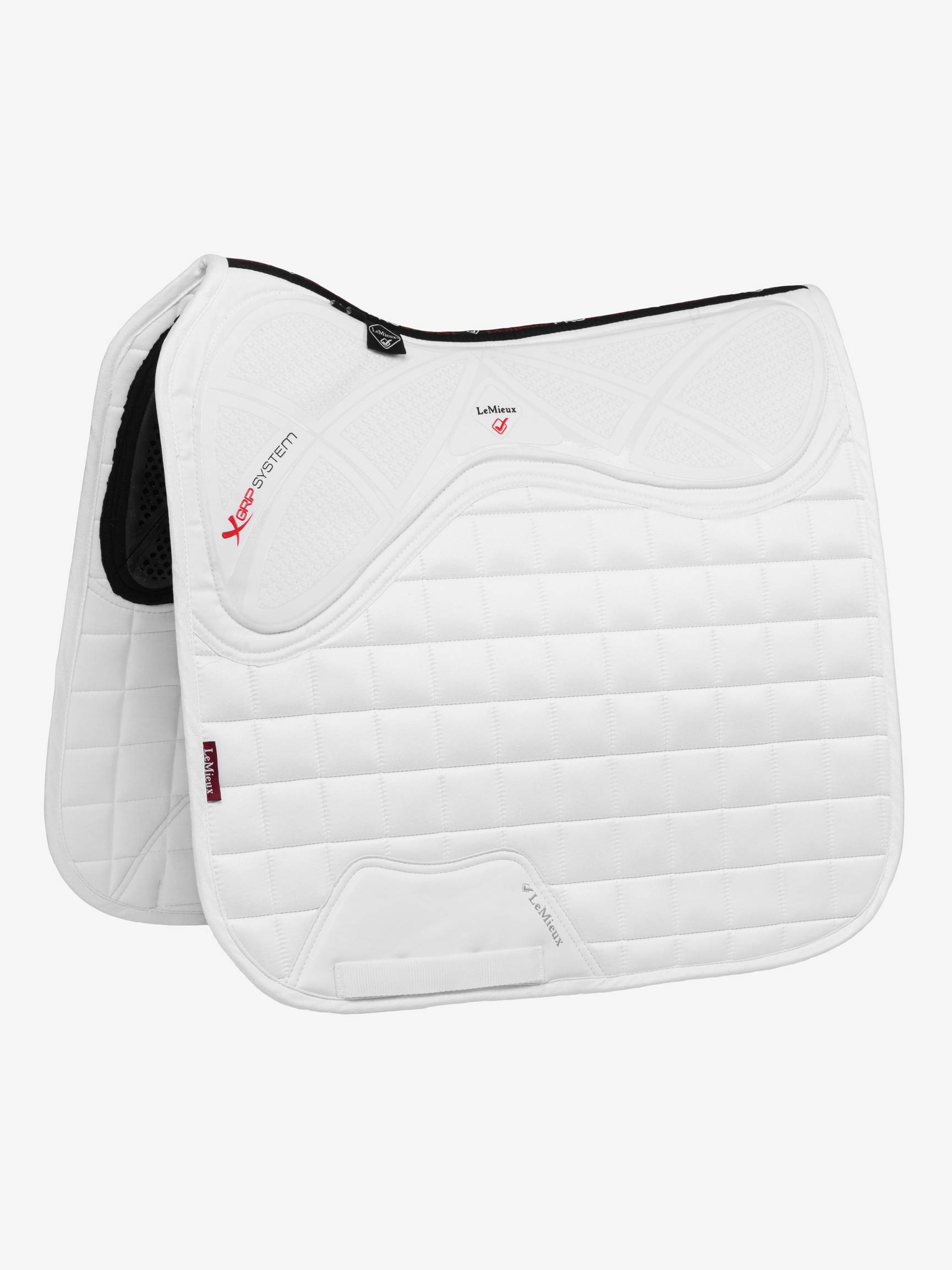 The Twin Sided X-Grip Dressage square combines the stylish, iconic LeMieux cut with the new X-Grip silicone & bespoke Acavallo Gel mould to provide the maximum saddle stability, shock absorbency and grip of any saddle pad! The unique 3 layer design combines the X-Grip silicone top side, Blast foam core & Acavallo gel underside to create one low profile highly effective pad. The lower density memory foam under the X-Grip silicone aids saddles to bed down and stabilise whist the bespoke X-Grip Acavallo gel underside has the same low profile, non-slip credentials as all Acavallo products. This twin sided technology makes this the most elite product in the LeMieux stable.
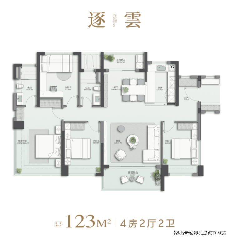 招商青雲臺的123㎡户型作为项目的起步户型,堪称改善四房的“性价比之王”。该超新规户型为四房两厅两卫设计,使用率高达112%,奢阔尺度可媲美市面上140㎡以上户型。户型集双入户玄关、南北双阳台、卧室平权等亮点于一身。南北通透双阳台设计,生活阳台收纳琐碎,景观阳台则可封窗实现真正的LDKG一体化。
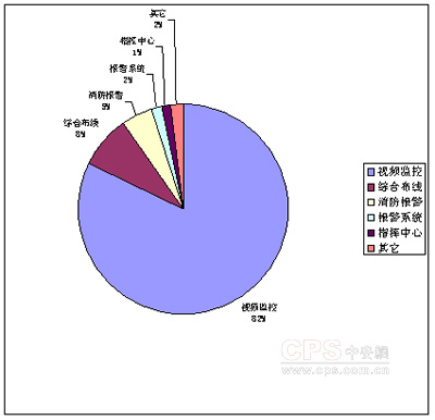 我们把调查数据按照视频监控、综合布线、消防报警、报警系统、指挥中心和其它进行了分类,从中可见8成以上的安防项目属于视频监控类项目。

------------------------

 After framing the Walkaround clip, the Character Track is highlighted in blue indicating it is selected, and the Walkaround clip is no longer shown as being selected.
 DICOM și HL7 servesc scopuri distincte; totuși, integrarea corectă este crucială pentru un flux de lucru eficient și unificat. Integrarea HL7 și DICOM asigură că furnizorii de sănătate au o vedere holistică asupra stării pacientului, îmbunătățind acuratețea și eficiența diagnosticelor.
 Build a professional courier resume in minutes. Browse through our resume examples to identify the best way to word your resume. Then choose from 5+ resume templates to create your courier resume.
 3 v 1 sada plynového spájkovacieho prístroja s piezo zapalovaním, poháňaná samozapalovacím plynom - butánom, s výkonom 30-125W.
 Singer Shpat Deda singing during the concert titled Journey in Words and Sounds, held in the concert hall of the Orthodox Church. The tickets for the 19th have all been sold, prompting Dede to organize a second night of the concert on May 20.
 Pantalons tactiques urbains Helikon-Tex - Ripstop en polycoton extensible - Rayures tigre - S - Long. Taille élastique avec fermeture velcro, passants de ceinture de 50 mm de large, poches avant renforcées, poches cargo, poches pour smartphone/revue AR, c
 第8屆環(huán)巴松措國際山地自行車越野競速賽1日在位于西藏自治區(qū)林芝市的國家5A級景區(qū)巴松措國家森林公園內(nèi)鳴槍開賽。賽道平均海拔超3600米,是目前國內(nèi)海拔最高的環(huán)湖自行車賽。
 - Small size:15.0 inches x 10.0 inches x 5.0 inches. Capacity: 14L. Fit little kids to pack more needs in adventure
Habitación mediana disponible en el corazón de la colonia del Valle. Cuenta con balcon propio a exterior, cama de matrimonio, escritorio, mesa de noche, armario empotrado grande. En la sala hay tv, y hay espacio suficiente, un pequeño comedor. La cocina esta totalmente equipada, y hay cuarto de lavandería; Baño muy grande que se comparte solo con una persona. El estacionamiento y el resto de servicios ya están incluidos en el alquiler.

------------------------

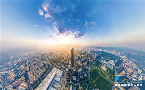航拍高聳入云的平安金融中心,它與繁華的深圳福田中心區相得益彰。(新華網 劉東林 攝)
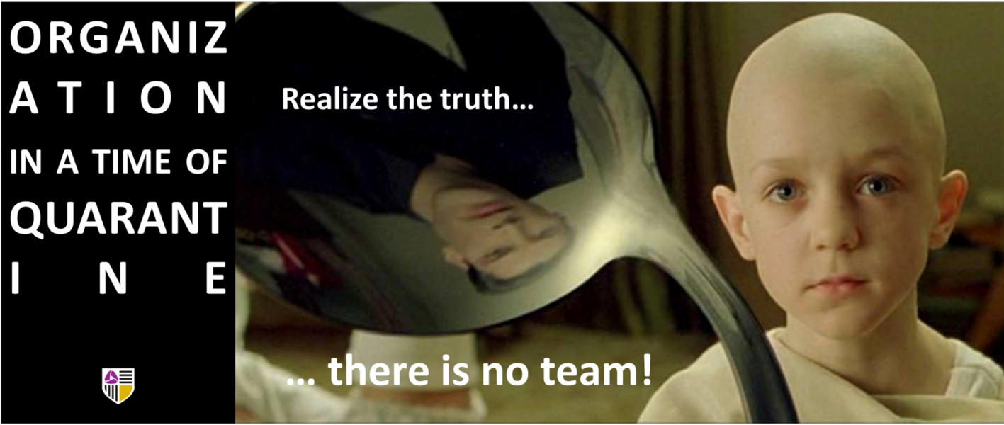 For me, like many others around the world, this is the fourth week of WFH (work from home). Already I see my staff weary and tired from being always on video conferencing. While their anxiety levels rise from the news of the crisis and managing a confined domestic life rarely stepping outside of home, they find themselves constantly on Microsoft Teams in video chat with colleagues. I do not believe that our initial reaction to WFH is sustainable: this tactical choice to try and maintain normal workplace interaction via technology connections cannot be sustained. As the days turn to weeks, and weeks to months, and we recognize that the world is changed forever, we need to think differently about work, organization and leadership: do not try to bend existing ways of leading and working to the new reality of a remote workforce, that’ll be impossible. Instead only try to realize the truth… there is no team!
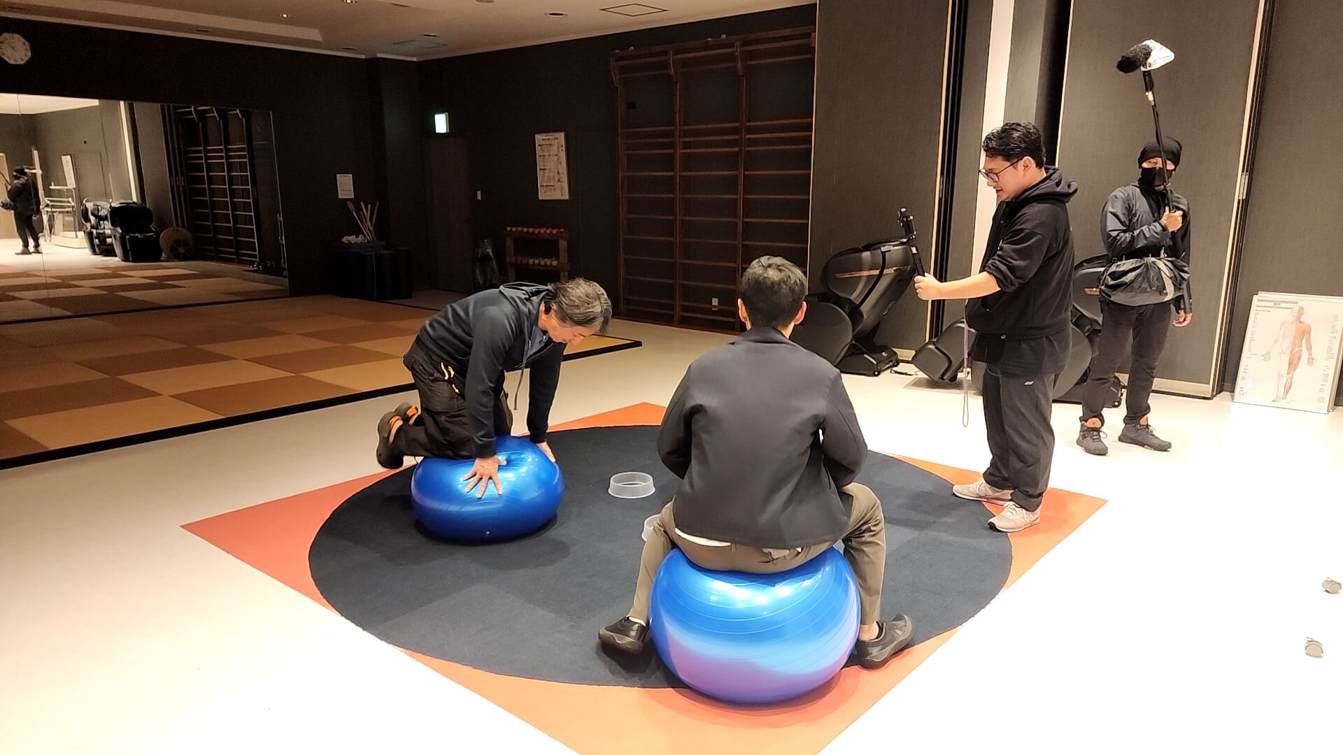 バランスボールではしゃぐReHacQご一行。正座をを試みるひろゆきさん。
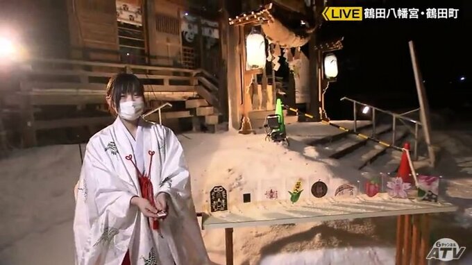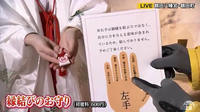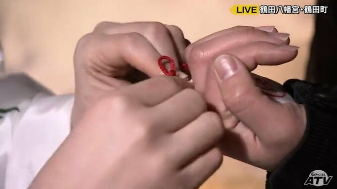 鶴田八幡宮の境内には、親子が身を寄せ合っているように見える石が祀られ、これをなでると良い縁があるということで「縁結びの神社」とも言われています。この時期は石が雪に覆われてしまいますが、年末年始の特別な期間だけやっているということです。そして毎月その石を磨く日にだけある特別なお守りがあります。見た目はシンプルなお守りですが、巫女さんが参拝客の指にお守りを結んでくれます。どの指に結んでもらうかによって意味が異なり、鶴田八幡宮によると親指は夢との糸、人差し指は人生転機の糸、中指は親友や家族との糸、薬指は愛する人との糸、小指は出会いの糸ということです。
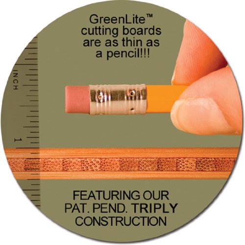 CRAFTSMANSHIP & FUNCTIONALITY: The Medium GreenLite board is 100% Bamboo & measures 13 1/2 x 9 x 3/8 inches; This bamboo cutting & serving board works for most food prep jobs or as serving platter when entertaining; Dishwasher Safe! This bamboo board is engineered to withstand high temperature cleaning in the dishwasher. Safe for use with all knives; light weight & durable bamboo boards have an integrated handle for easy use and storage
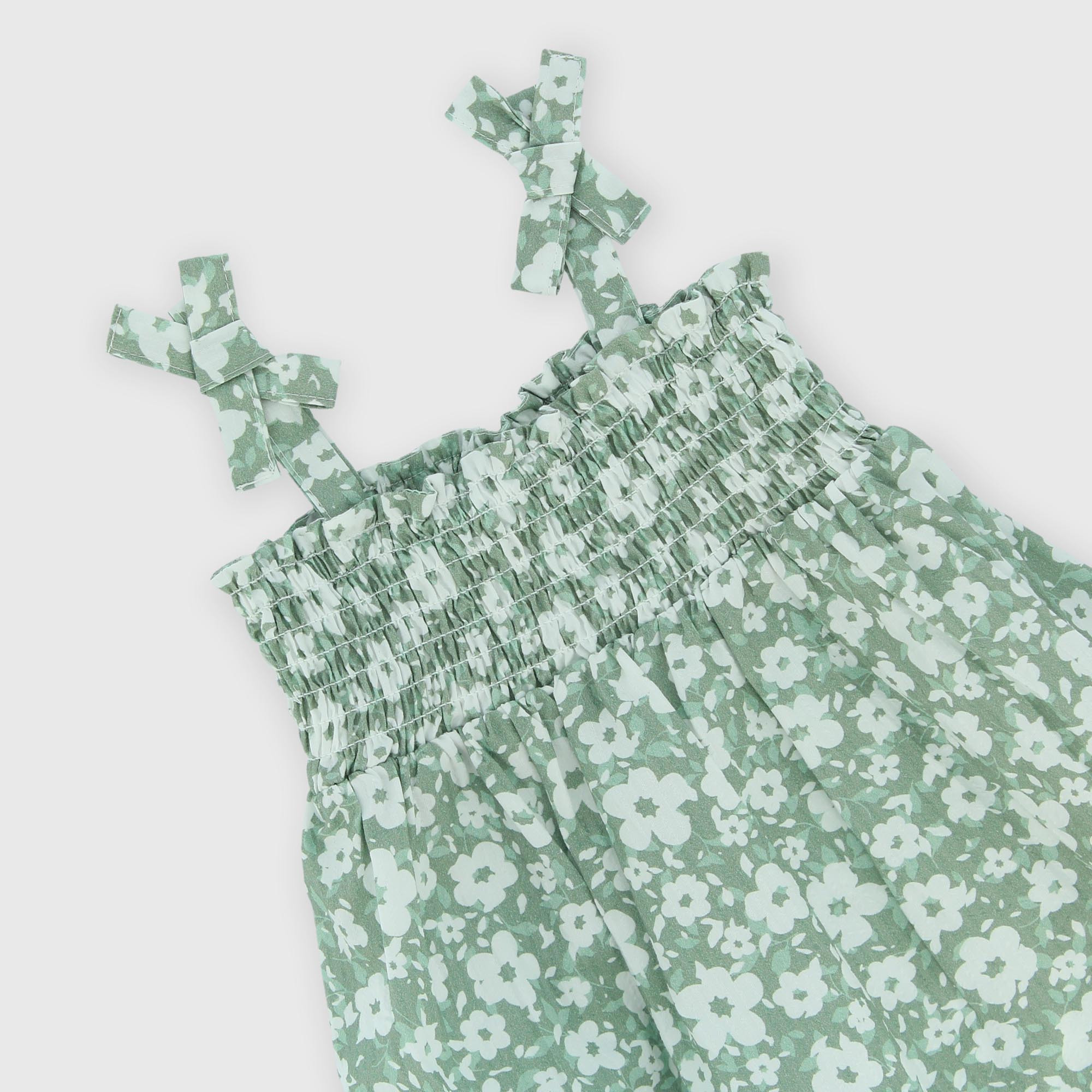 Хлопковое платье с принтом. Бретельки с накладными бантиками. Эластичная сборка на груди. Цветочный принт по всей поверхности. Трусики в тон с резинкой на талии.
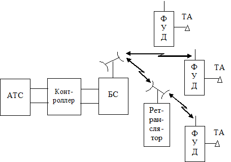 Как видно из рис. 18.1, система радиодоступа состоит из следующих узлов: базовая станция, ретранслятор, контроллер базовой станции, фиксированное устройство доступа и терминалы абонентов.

------------------------

*What is needed*:
Take the lines above from the one containing "3 v 1 sada plynového" down to the one containing "Habitación mediana disponible", and transcribe them exactly, both ends included.

*Solution for this problem*:
 3 v 1 sada plynového spájkovacieho prístroja s piezo zapalovaním, poháňaná samozapalovacím plynom - butánom, s výkonom 30-125W.
 Singer Shpat Deda singing during the concert titled Journey in Words and Sounds, held in the concert hall of the Orthodox Church. The tickets for the 19th have all been sold, prompting Dede to organize a second night of the concert on May 20.
 Pantalons tactiques urbains Helikon-Tex - Ripstop en polycoton extensible - Rayures tigre - S - Long. Taille élastique avec fermeture velcro, passants de ceinture de 50 mm de large, poches avant renforcées, poches cargo, poches pour smartphone/revue AR, c
 第8屆環(huán)巴松措國際山地自行車越野競速賽1日在位于西藏自治區(qū)林芝市的國家5A級景區(qū)巴松措國家森林公園內(nèi)鳴槍開賽。賽道平均海拔超3600米,是目前國內(nèi)海拔最高的環(huán)湖自行車賽。
 - Small size:15.0 inches x 10.0 inches x 5.0 inches. Capacity: 14L. Fit little kids to pack more needs in adventure
Habitación mediana disponible en el corazón de la colonia del Valle. Cuenta con balcon propio a exterior, cama de matrimonio, escritorio, mesa de noche, armario empotrado grande. En la sala hay tv, y hay espacio suficiente, un pequeño comedor. La cocina esta totalmente equipada, y hay cuarto de lavandería; Baño muy grande que se comparte solo con una persona. El estacionamiento y el resto de servicios ya están incluidos en el alquiler.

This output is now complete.